Setenta e dois anos após Declaração Universal dos Direitos Humanos, questões fundamentais são negligenciadas e confundidas com “direitos dos bandidos”

JÚLIA RODRIGUES E CAROL GUERRA

 

Um ano após a Proclamação da República, o escritor Aluísio de Azevedo lançou O cortiço, romance que denunciava condições insalubres de habitação e vida de brasileiros pobres em 1890. Um ano após a 2ª Guerra Mundial, em 1946, Josué de Castro lançava A geografia da fome, uma investigação sobre a insegurança alimentar que atingia os negligenciados de um país subdesenvolvido. As duas obras, escritas antes mesmo da Declaração Universal dos Direitos Humanos, editada pela ONU em 1948, mostram chagas que ainda atormentam o Brasil de 2020, assolado pela pandemia e pela crise econômica. Questões como moradia digna, saúde, educação e alimentação nada não têm a ver com “direitos dos bandidos”, como alguns setores da sociedade apelidaram a promoção dos direitos humanos, cujo dia é celebrado hoje.

Mãe solo de uma menina de 8 anos, Priscila da Silva, 31, é fotógrafa e tem o único vão da casa de tábuas comportando sala, cozinha e quarto na comunidade do Pilar, Bairro do Recife. “É pequeno e ainda temos que dividir com os ratos”, diz. Quando necessita utilizar o banheiro, vai até a casa de sua mãe, que mora bem ao lado.

“Quando a maré enche, a água entra pela casa. Tem que esperar secar para limpar, porque não tem saneamento aqui.  Não gosto da vida que eu dou para a minha filha, mas não é porque eu quero”, constata.

Morador do Pilar há quatro anos, Isaias dos Santos, flanelinha, gostaria de ter água encanada. “A gente acorda de manhã e vê as crianças correndo nessa água suja, arriscadas a pegarem um germe”, lamentou o morador, que completa 38 anos de idade hoje. Ele paga aluguel de R$ 150.

Direitos básicos podem ser confundidos com privilégios quando só parte das pessoas têm acesso a eles. O Artigo 5º da Constituição garante que “todos são iguais perante a lei, sem distinção de qualquer natureza, garantindo-se aos brasileiros e estrangeiros residentes no país a inviolabilidade do direito à vida, à liberdade, à igualdade, à segurança e à propriedade.” Nas periferias, a lei de 32 anos atrás não se aplicou. “Se eu tivesse condições, não estaria num lugar desse. Temos direito a nada aqui”, diz Edson Pereira, 27, que cursou até a 3ª série e está entre os 13,8 milhões de desempregados no país.
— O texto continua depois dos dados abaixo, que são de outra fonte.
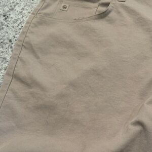 Soft stretch fabric for comfort. Classic five-pocket styling and subtle hardware. Neutral tan/khaki works with many outfits.
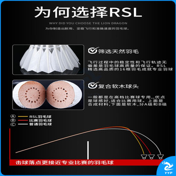 亚狮龙RSL羽毛球5号鹅毛球12只装/桶耐打稳定比赛训练羽毛球SK.NO.5

O desafio de desmistificar o óbvio junto à sociedade

 

Para combater os preconceitos criados sobre os movimentos sociais, a Frente Popular dos Direitos Humanos utiliza o diálogo como arma. “Tentamos evidenciar a construção da cidade democrática, com a liberdade de expressão, e trazemos essa narrativa nos nossos projetos. A nossa alternativa é possibilitar o diálogo para que possamos acabar com o retrocesso e garantir os nossos direitos”, diz Rafael Pesca, representante da FPDH.

A Frente atua na mobilização e assessoria jurídica popular em conjunto com grupos, comunidades e movimentos sociais. Os interessados podem entrar em contato com o grupo pelas redes sociais. Atuante há 48 anos, o Centro de Cultura Luiz Freire busca a restauração dos valores democráticos através de diretrizes como educação, comunicação e cultura, em projetos comunitários. Durante a pandemia, novos desafios surgiram.

“Continuamos com a nossa atuação a partir de campanhas internacionais e nacionais. Estivemos presentes em comunidades quilombolas de Mirandiba, no Sertão de Pernambuco. Os estudantes não tinham como acompanhar aulas online. Esse era um dos inúmeros direitos que foram restringidos desses alunos. Conseguimos tablets para que pudessem estudar. Trabalhamos com sujeitos diretamente violados e reaquecemos o debate sobre direitos humanos”, explicou o coordenador do CCLF e representante da Rede Mundial de Ativistas pela Educação do Fundo Malala, Rogério Barata.

* O texto foi publicado originalmente no dia 10/12 na versão impressa do jornal Diário de Pernambuco.